Когда муж привез Чарли, глаза у собаки были мутные и слезящиеся, по хребту шли проплешины, шерсть была тусклая и свисала с боков клоками. Увидев Тину, пес с обидой отвернулся, будто показывая всю несправедливость того, что сделала хозяйка: зачем она его оставила. Но когда она кинулась обнимать, гладить и целовать пса, Чарли вздохнул, положил лапу на ее руку, съел кусок хлеба с маслом и не отходил ни на шаг около недели. Потом к нему вернулось хорошее настроение, шерсть вновь заблестела, он начал гулять, уже не прижимаясь в панике к ее ногам, а весело помахивая хвостом, и Тина поняла: жизнь у них потихоньку налаживается.

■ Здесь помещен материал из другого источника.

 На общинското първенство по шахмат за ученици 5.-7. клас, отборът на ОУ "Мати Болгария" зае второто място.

О сыне муж сказал очень коротко:

– Окончит школу, поедет в Краснодар поступать в институт. Там все схвачено, родители и друзья помогут. Если не поступит, вернется в Москву и будет со мной заниматься делом. Определится потом.

Тина только пожала плечами, подумала: "Ну, пусть будет так. Если мне не удалось вырастить сына так, как хотелось, это не значит, что у него нет права на собственный путь".

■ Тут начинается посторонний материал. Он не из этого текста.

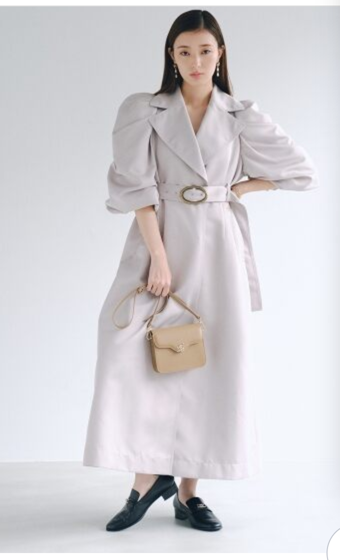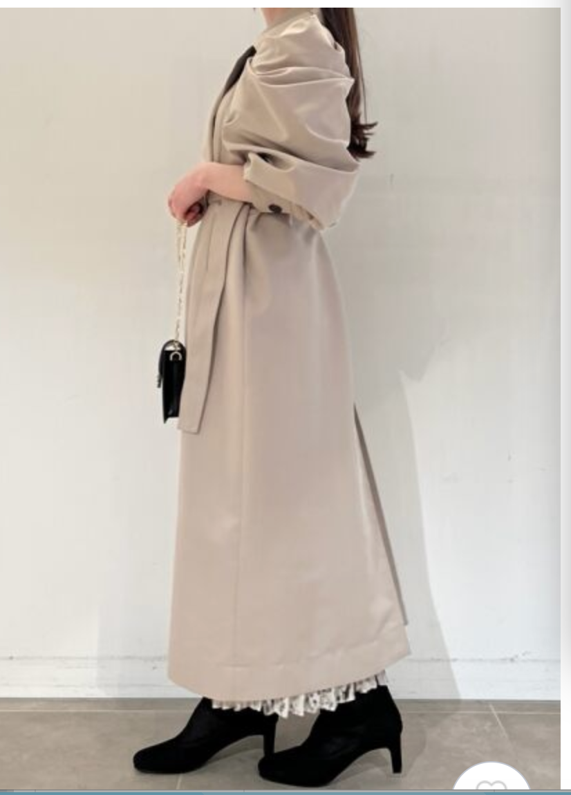 深めのタックを効かせボリュームを持たせたパワーショルダーが特徴的。「SNIDEL」ならではの手法でベーシックアイテムをモードにアップデートした、こだわりのトレンチコートが届きました。存在感のある大きめの襟はトレンド感を高め、小顔効果も期待大。付属のベルトでウエストをマークしワンピース風に着こなすのもオススメです。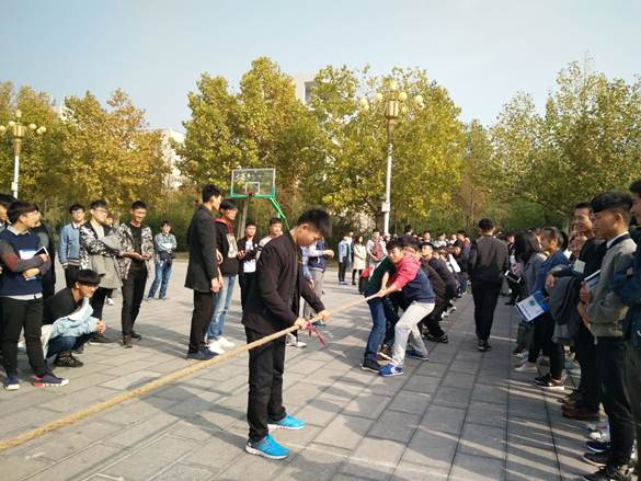 2016年11月16日周三中午,我系16级数字媒体专业和电子商务专业在校国旗台前举行了友谊拔河比赛。

И после новостей о сыне, после возвращения Чарли, обустроившись в крошечной, но теперь такой чистенькой светлой квартирке, она почувствовала столько свободы и радости, что каждую минуту боялась их расплескать.

В прихожей зазвонил старый чешский, потрескавшийся от времени телефон. Через белую арку из гипсолита вместо двери, которую ее уговорили сделать рабочие, Тина, с тряпкой в руке, прошла в коридор, сняла трубку:

– Центр продаж и сервисного обеспечения. Говорите.

– Это я, Тина, – раздался голос Барашкова. – Мы с тобой собирались сегодня на кладбище. Валерию Павловичу память, полгода.

– Конечно, поедем. Спасибо, что позвонил.

– Тогда заеду за тобой в четыре.

– Я буду готова.

И она действительно была совершенно готова к назначенному времени.

День стоял прекрасный, теплый. Тина встретила Барашкова у подъезда с букетом нарциссов, в светлых джинсах, кроссовках и белой футболке. Поверх она накинула фисташковую ажурную кофточку, игриво застегнутую только на верхнюю пуговицу.

– Ну, развод и продажа холодильников пошли тебе только на пользу! Ты просто девочка! – удивился Барашков.

Они не виделись почти полгода. Только перезванивались. Он не врал. Тина действительно помолодела, похорошела, приобрела здоровый цвет лица, и веснушки на ее уже загорелом носу и щеках весело улыбались весеннему солнцу.

Она легко села в машину, высунула локоть в открытое окно. И несмотря на то, что они ехали к печальному месту последнего приюта для тех, кто уже окончил путь на земле, сердце ее рвалось из груди и радостно пело.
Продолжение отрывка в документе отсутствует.